• [EXERCISE]
Print, exactly as they appear in the listing below, the lines from the line with "في خطوة تؤشّر" to the line with "SETELAN ANAK TELUK", with both end lines kept.

┌─ RECORDS SUPPLIED

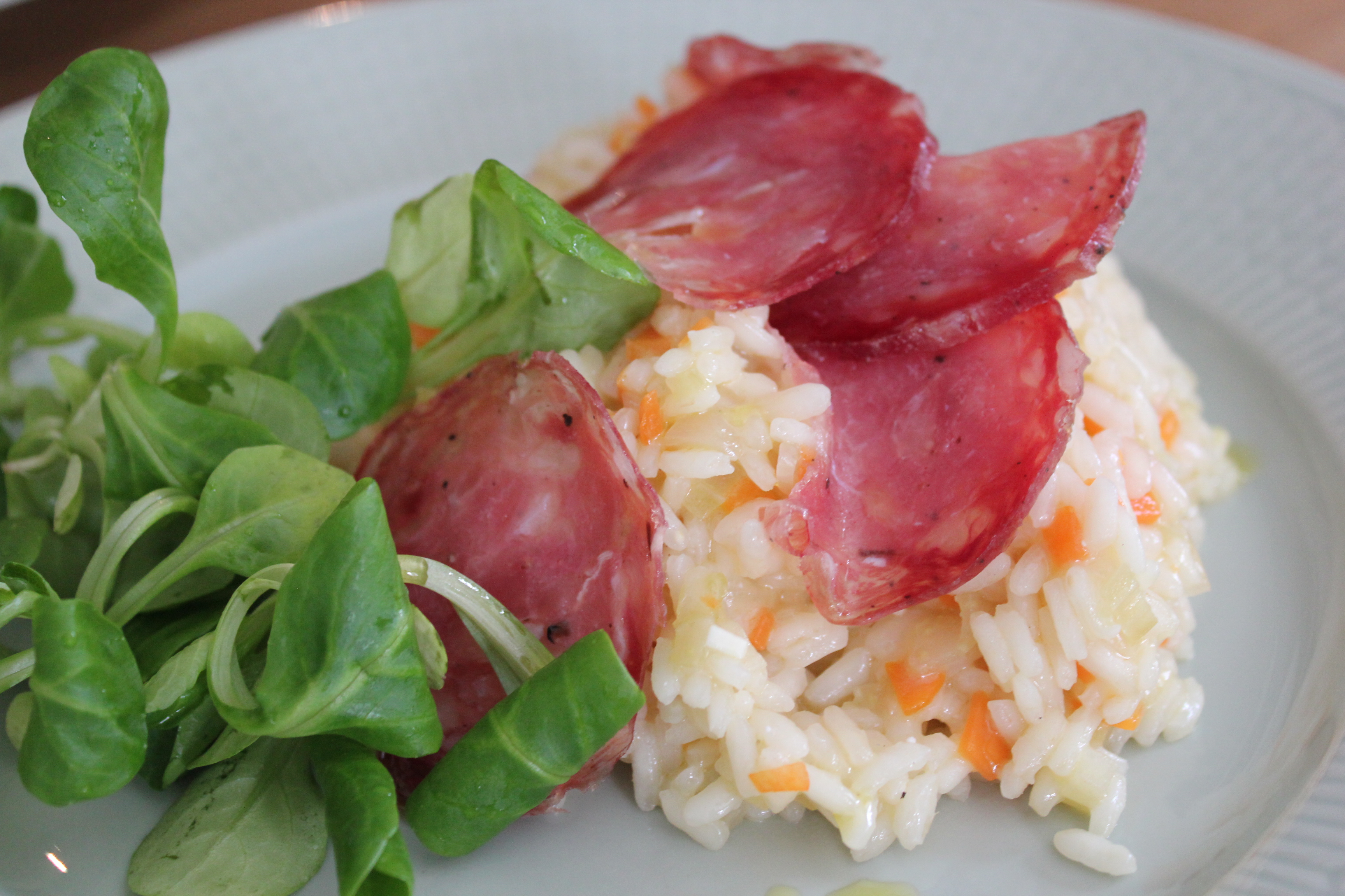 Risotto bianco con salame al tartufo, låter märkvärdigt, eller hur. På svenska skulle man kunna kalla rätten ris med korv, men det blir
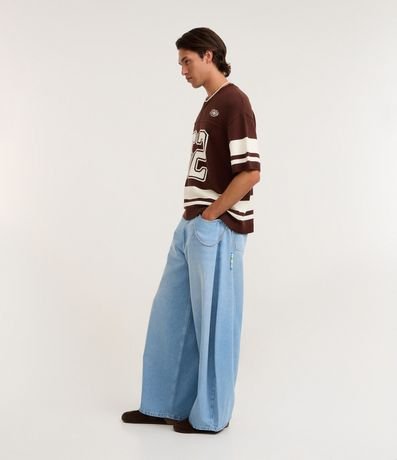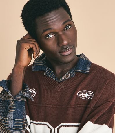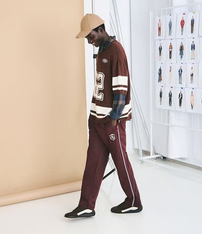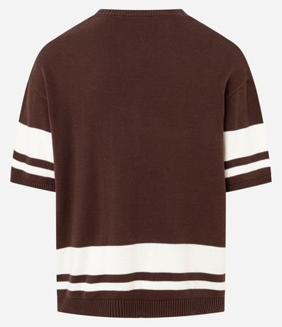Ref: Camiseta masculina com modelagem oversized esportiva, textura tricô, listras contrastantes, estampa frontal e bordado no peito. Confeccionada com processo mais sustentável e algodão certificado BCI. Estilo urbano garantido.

└─
┌─ RECORDS SUPPLIED

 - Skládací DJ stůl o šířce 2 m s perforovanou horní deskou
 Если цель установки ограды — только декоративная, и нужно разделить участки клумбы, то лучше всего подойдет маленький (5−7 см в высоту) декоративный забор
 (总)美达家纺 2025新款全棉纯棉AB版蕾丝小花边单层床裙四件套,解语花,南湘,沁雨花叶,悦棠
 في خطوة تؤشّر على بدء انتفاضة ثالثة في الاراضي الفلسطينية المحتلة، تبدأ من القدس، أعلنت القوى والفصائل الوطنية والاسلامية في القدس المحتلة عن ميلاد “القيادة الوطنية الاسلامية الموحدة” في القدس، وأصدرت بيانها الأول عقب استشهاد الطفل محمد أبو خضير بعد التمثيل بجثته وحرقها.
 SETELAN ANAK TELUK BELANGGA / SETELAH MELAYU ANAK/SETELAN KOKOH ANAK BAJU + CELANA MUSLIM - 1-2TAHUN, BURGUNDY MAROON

└─

• [RESULT FOR THIS EXERCISE]
 في خطوة تؤشّر على بدء انتفاضة ثالثة في الاراضي الفلسطينية المحتلة، تبدأ من القدس، أعلنت القوى والفصائل الوطنية والاسلامية في القدس المحتلة عن ميلاد “القيادة الوطنية الاسلامية الموحدة” في القدس، وأصدرت بيانها الأول عقب استشهاد الطفل محمد أبو خضير بعد التمثيل بجثته وحرقها.
 SETELAN ANAK TELUK BELANGGA / SETELAH MELAYU ANAK/SETELAN KOKOH ANAK BAJU + CELANA MUSLIM - 1-2TAHUN, BURGUNDY MAROON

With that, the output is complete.